[Exercise goal] As written and without pictures, set down the lines from the one that contains "Критский бык. (Да, я" through the end of the data.

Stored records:
☆ ☆ ☆

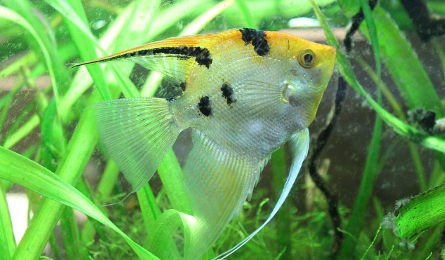 Эти красивые рыбки имеют оригинальную форму и окраску. У них широкие плавники, выступающие в разные стороны, поэтому скалярий стоит содержать в высоких и просторных аквариумах. Они хорошо чувствуют себя при температуре 24 °С (5). В остальных аспектах они неприхотливы.
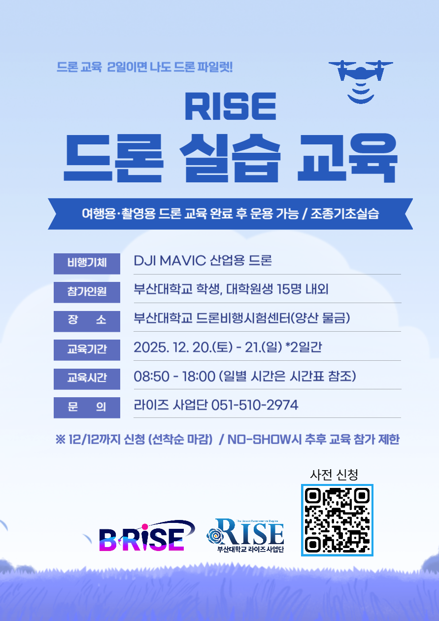 부산대학교 RISE 사업단에서는 드론 운용 및 활용 실전 교육을 아래와 같이 운영합니다.
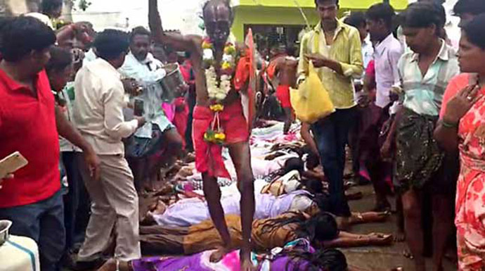 সারি বেধে শুয়ে আছেন নারীরা। তাদের পিঠের ওপর দিয়ে হেঁটে যাচ্ছেন এক ব্যক্তি। শুয়ে থাকা ওই নারীদের বিশ্বাস, এতে তারা অন্তঃসত্ত্বা হতে পারবেন। ঘটনাটি ভারতের দক্ষিণাঞ্চলের অন্ধ্রপদেশের অনন্তপুর জেলার লক্ষ্মী নরসিমা স্বামী মন্দিরের।
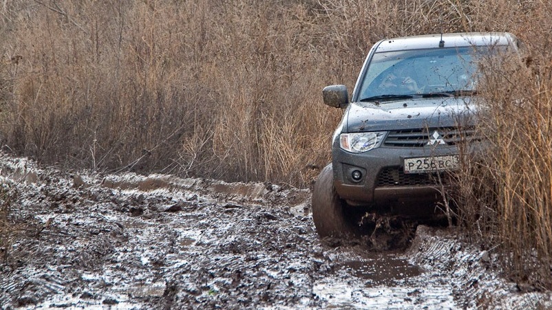вопрос, скорость 5 км рыхлый мокрый снег 10…15 см только задний привод, после остановки в таких условиях поедет Л200 или будет буксовать?блокировки и передний мост не включаем
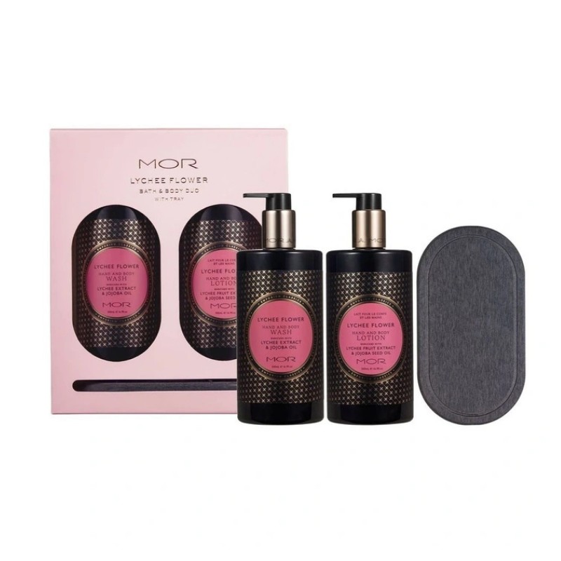 Set Includes: 1 x Emporium Classics Lychee Flower Hand & Body Wash 500ml, 1 x Emporium Classics Lychee Flower Hand & Body Lotion 500ml, 1 x Tray
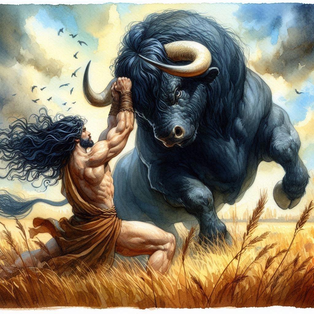 Критский бык. (Да, я знаю, что он белый был, но ни один белый не вышел таким эффектным, как этот. Даже сомнения берут, что Гераклу удалось такого оглушить).
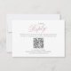 Add a touch of romance to your special day with this elegant wedding RSVP card in a minimalist blush pink design. Featuring classic calligraphy script and traditional typography, it embodies timeless charm and traditional elegance. The QR code template provides a modern RSVP option, paired with the thoughtful kindly reply wording. This stylish guest response card complements a classy formal design and pairs perfectly with your matching stationery suite for a seamless, elegant presentation.
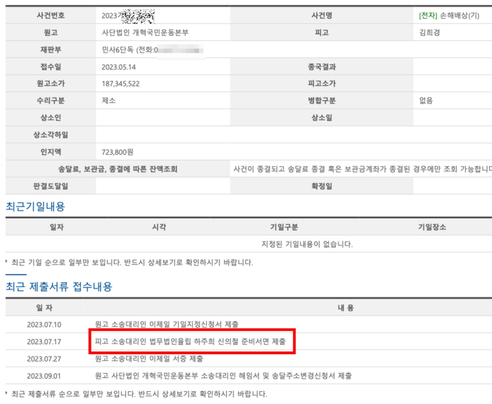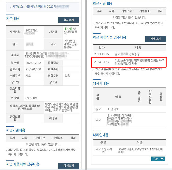 문제는 2023년 9월 21일 집회행사의 대행사가 비용 지급을 요청하며 2천 102만원을 지급하라고 개국본을 상대로 한 소송에서는 하 변호사와 신 변호사가 이번에는 개국본 측의 입장에서 소송을 맡았다는 것이다.

☆ ☆ ☆

[Output of the task]
 Критский бык. (Да, я знаю, что он белый был, но ни один белый не вышел таким эффектным, как этот. Даже сомнения берут, что Гераклу удалось такого оглушить).
 Add a touch of romance to your special day with this elegant wedding RSVP card in a minimalist blush pink design. Featuring classic calligraphy script and traditional typography, it embodies timeless charm and traditional elegance. The QR code template provides a modern RSVP option, paired with the thoughtful kindly reply wording. This stylish guest response card complements a classy formal design and pairs perfectly with your matching stationery suite for a seamless, elegant presentation.
 문제는 2023년 9월 21일 집회행사의 대행사가 비용 지급을 요청하며 2천 102만원을 지급하라고 개국본을 상대로 한 소송에서는 하 변호사와 신 변호사가 이번에는 개국본 측의 입장에서 소송을 맡았다는 것이다.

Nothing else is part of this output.